15 Mayıs 2010 Cumartesi

2010 Dünya Kupası #6: Fransa


"Bir yandan bu şekilde kazandığımız için utanırken diğer yandan da Güney Afrika'ya gitmeyi hakeden İrlanda için fazlasıyla üzülüyorum. Adil olan kesinlikle maçın tekrar oynanması. Ama benim kontrolümde değil ne yazık ki..."
Thierry Henry


"Neden özür dilemeliyiz, bir türlü anlamıyorum."
Raymond Domenech


Sıra, tanıtacağım 16 ülke içerisinde, objektif davranmak için çaba göstermek zorunda olduğum tek ülkede. Milenyum'un başlarında Avrupa'nın en sempatik takımlarından birisiydi Fransa. Oynadığı futbol herkese keyif veriyordu. 2002 Dünya Kupası'nın açılış maçında Senegal'e mağlup olmaları, bu tip şeyleri sevmeye eğilimli bir çok futbol romantiğini üzmüştü hatta. 1998 ile 2003 arasında 1 Dünya Kupası, 1 Avrupa Şampiyonası ve 2 Konfederasyon Kupası kazanmıştı takım. Gelinen noktada ise Javier Aguirre'nin Meksika'yla denk tuttuğu bir takım oldular. 2004'te Rehhagel savunma yaparak kupayı kazandığında Fransa'nın kaderiyle de oynadı. Çeyrek finalde eledikleri 'Les Blues' artık Domenech'e emanetti. O güne kadar Lyon ve Fransa 21 yaş altı milli takımlarını çalıştırmıştı 58 yaşındaki Fransız. İlk Dünya Kupası olan 2006 Almanya'da finale kadar çıktı ancak İtalya'ya kaybetti. Avusturya & İsviçre ortaklığıyla yapılan 2008 Avrupa Futbol Şampiyonası'na 1 puanla ve 4-1'lik Hollanda mağlubiyeti ile veda etti.
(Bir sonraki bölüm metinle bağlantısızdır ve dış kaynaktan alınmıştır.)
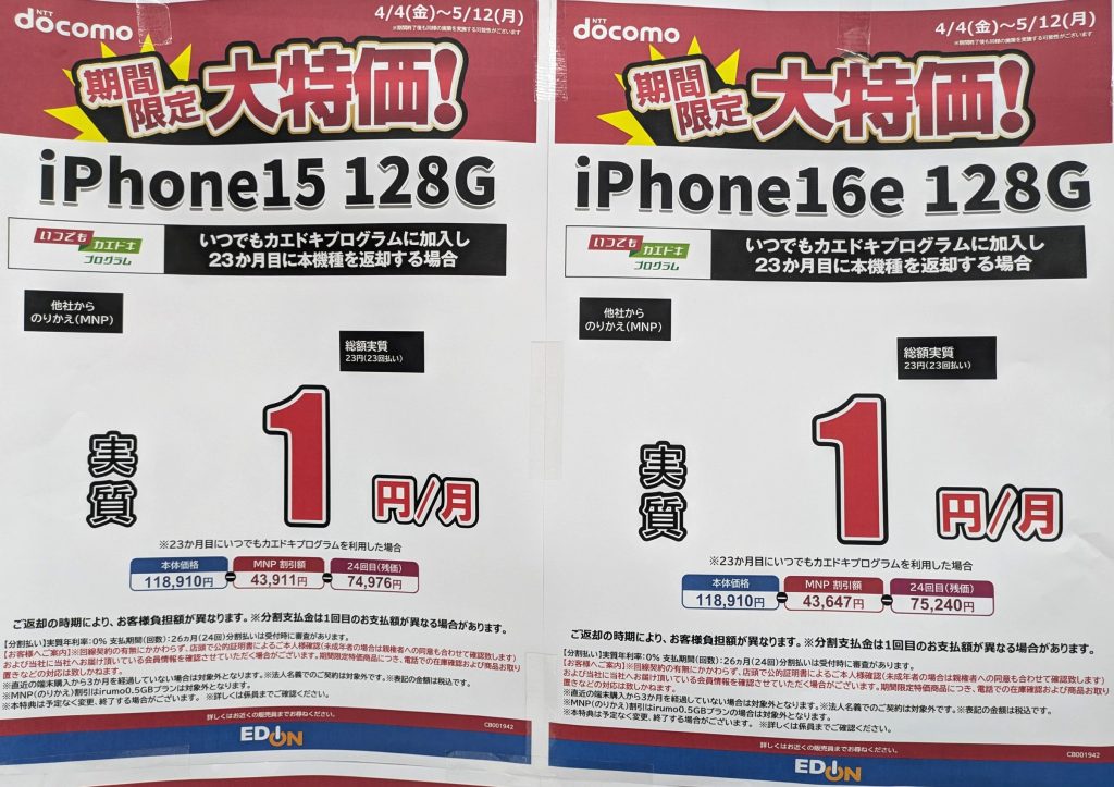 少なくともGW中は各量販店で一括0円や1円が継続されるものと思われます。

Aldıkları 1 puan ise futbol tarihine kara bir leke olarak geçen, Romanya ile 0-0 berabere kaldıkları maç sonunda geldi. Öyle ki, sponsorları pişmanlığa sevk eden maçtaki tek pozisyon (!) Tamas'ın kırk metreden çektiği şuttu. Kovulmadı Domenech... 2000'de geleceğin savunmacıları arasında gösterilen Mexes'i çağırmazken kendisi gibi milli formayı yalnızca Adidas mağazalarında görebilecek Pascal Chimbonda'yı takıma aldı. (Mert kızmasın, Chimbonda'yı severim bu arada) Kadroyu kurarken astrologlara danıştı bu yüzden Robert Pires'i dışarıda bıraktı. Bu şartlar altında, Dünya Kupası'nın son finalisti; play off oynayarak ve haketmediği bir golle kupaya gelebildi. Fransa tarihinde, üst üste üç büyük kupaya gitmeyi başarmış başka bir teknik direktör yok. Kendisini takdir ediyor, tanıtım kısmı bu kadar uzun sürdüğü için özür dileyerek futbolun asıl aktörlerine geçiyorum.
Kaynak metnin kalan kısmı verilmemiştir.